Attraktivität: Die Kunden stellen der Stadt insgesamt mit der Schulnote 2,2 ein gutes Zeugnis aus. Dabei ging es um Kriterien wie Sauberkeit (Note 1,8), Parkplatzangebot (2,6) und Fahrradfreundlichkeit (2,1). Attraktiver ist in der Region nur der Europark (1,9). Mit Reichenhall gleichauf ist Salzburg-Altstadt. Freilassing liegt bei 2,8, Berchtesgaden bei 3,1.

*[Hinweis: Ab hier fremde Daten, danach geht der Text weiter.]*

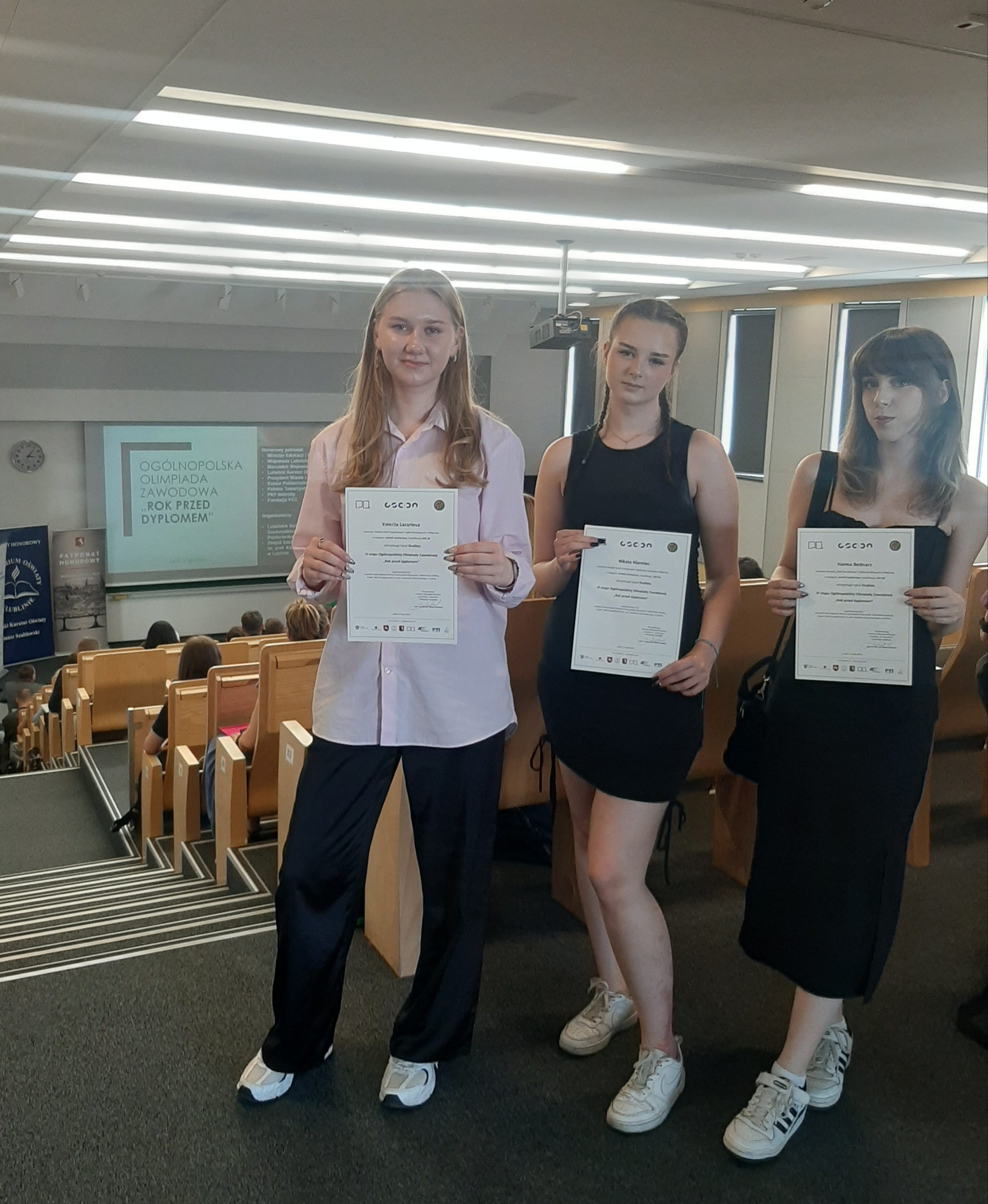 Trzy uczennice Technikum hotelarskiego z tytułem finalisty III etapu Ogólnopolskiej Olimpiady Zawodowej „Rok przed dyplomem”, organizowanej przez Lubelskie Samorządowe Centrum Doskonalenia Nauczycieli, Politechnikę Lubelską, Zespół Szkół Energetycznych im. prof. Kazimierza Drewnowskiego w Lublinie.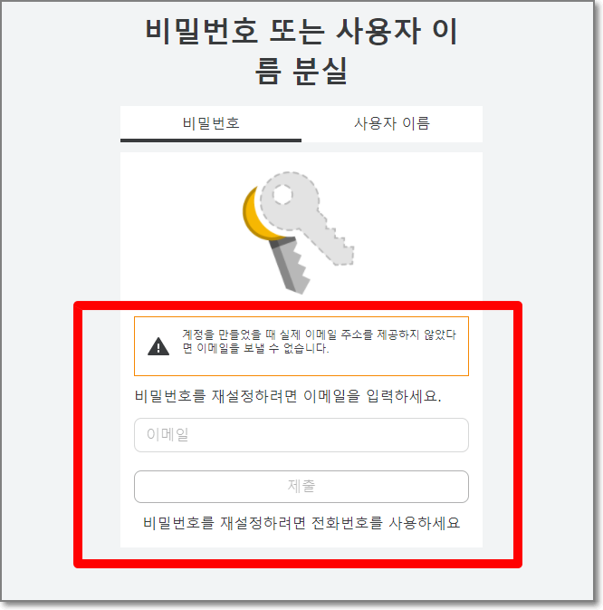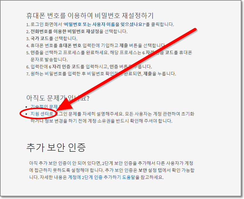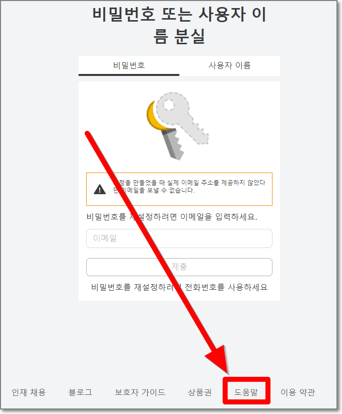 "비밀번호를 잊어버렸어요"에 대한 내용이 나오는데 읽어보면 이메일이나 휴대폰번호를 입력했을 때 내용입니다. 밑으로 스크롤을 쭉 내립니다.

Abschließend empfahl Murauer eine "Image- und Marketingoffensive". Das Stadtmarketing müsse gestärkt und weiter professionalisiert werden, wichtig sei eine von Wirtschaft und Politik getragene Standortstrategie, aber auch Beratungsangebote für Leerflächenbesitzer. Den Innenstadtbetrieben müsse "digitale Basiskompetenz" vermittelt werden, "mehr Pep" brauche es beim Marketing, auch in Betrieben.

"Mehr Pep" wünschen sich Murauer und Schlögl auch vom Ideenwettbewerb für Gründer, der noch bis 20. Dezember läuft. Die Verantwortlichen wollen nicht "mehr vom Gleichen", sondern neue Ideen, daher haben sie die Frist verlängert. Auch wegen Corona, vermuten sie, hielten sich potenzielle Gründer bisher zurück, die Beiträge, die eingereicht wurden, konnten noch nicht so recht überzeugen.